Citizen Science and Open Data

I spoke on a panel last week about citizen science and open data. The panel was one of the events put on by the University of Alberta library for Open Access week.

I went first so my presentation didn’t reflect directly on the work of others, although there was much to think about. I started by describing the key dilemma faced by many scientists who have turned to citizen science methods: how to deal with the huge amounts of data which are needed to do or are used in science today? I used GalaxyZoo as my example because I think it is one of the first projects to become mainstream by using citizen science. But I’m not trying to suggest that GZ was the first citizen science project. That is definitely not the case.

I’m just saying that GalaxyZoo came about at a propitious moment in the development of the internet and in our conceptions of what crowds could do. GalaxyZoo started in 2007, just a year or two after Chris Anderson coined the term crowdsourcing and James Suroweicki published the book The Wisdom of Crowds. Crowds were in the air in the mid-2000s. Web 2.0 was becoming a buzzword; open-source software had won legitimation in the enterprise. User generated content was becoming a powerful force in Wikipedia and other media sites. Facebook was still locked behind the ivy walls of universities, and Twitter was only a year or so past its initial release. Social tagging and folksonomies were all the rage in information science schools and journals. The crowd was at the top of the Gartner hype cycle.

There was plenty of precedence for what GalaxyZoo did. The National Phenology Network has been collecting volunteer observations since the 1950s. The Cornell Lab of Ornithology, creators of the largest citizen science project currently online - eBird, has been in business with volunteers since the 1980s. The Audubon society goes back even further to the early days of the twentieth century. The Community Collaborative Rain, Hail, and Snow network started in Colorado in the 1990s and is now a large collector of meteorological data from volunteers across the United States and Canada. All of these projects have benefited from the work of hundreds of thousands of dedicated volunteers.
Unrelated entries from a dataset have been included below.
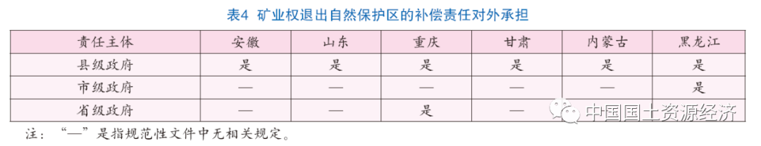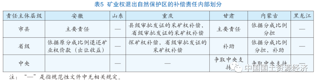 在補償責任的對外承擔上(表4),除黑龍江省、重慶市分別將市級政府、省級政府添加為責任主體外,各地普遍由縣級政府向礦業權人支付補償。在補償責任的內部劃分上(表5),安徽省和甘肅省規定由市縣承擔籌措補償資金的主要責任,內蒙古自治區規定自治區、市、縣依據分成比例分擔補償責任,山東省和黑龍江省并無明確規定。重慶市則按照審批發證權限和礦業權類型予以區分,縣級審批發證的采礦權由市縣補償,省級審批發證的采礦權由省市縣分擔補償,探礦權由省級補償。
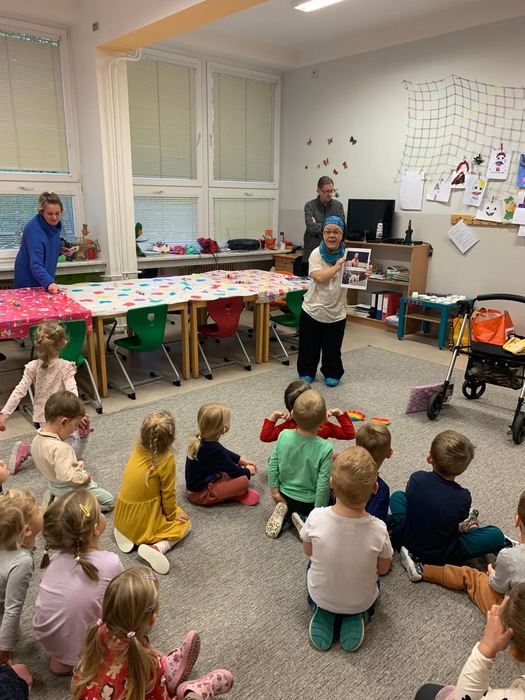 V úterý proběhla v naší MŠ beseda na téma Život má mnoho podob. Rozhovor o tom, že nejsme všichni stejní. Vyprávění z vlastního života paní s postižením, obohacené fotografiemi z dětství a současnosti. Děti si na závěr namalovaly sádrový odlitek, který si vybraly dle vlastního výběru.
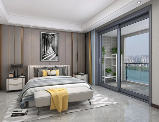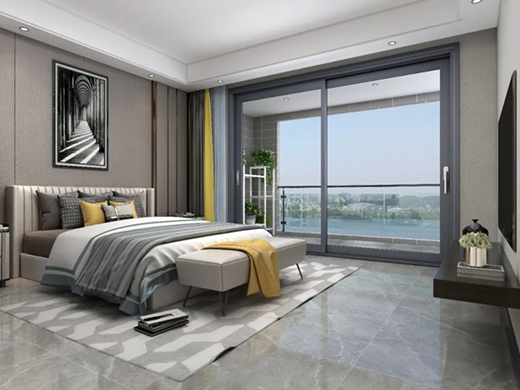 窄勾企設(shè)計(jì),躺在床上,就能一覽門外江景,這就是臥室陽(yáng)臺(tái)安裝推拉門的魅力,將私密空間與開放空間隔斷,滿足空間功能劃分和隔音效果的雙重需求。經(jīng)典的灰調(diào)門框,彰顯設(shè)計(jì)的時(shí)尚感與品質(zhì)感?;遗c黃的交融布局,兼顧摩登的同時(shí)又讓人感覺到溫馨。

After describing the background of these different projects to give the audience a sense of what citizen science is and how it works, I moved onto a discussion of open data. I used the Denton declaration as a starting point for comparing the principles of citizen science and open data. The importance of access to open data is shared by citizen science. So is the idea of accretive value, GalaxyZoo could not exist without the previous work of the Sloan Digital Sky Survey. Many citizen science researchers support transparency in scientific research for multiple reasons, including building public trust in science. So too with the idea that research data needs to be stewarded by a broad coalition of stakeholders. There are parallels between all of the principles of open data and citizen science. But there are also some subtle differences.

The Denton declaration, and a lot of the discussion I’ve read about open-data, usually takes the perspective that it is a good thing for the public to have access to data as a consumer but ends up saying very little about the public as a producer of data. Denton talks about validating with the peer community of other scientists and building trust among the public. There is an implicit us and them in such statements. I don’t think there was any malice on the part of the Denton writers or even an awareness that such a separation might be suggested. The people who work on open-data are usually from institutions, like the government or the academy, where such thinking is pervasive. Open data becomes another milestone on the road to outreach or, in the parlance of the National Science Foundation, broader impacts.

So if there is a lesson for open data to learn from citizen science it is to acknowledge the two-way street between consumers and producers of data, between the public and the researchers. If we accept this then open data and citizen science can have a profoundly better effect on the world.

I was pleasantly surprised by the rest of the presentations which talked about mapping and open data, open data in academia, and open data in the government of Alberta. All of the presentations discussed the multiple stakeholders involved and talked about how open data is about more than just giving data away.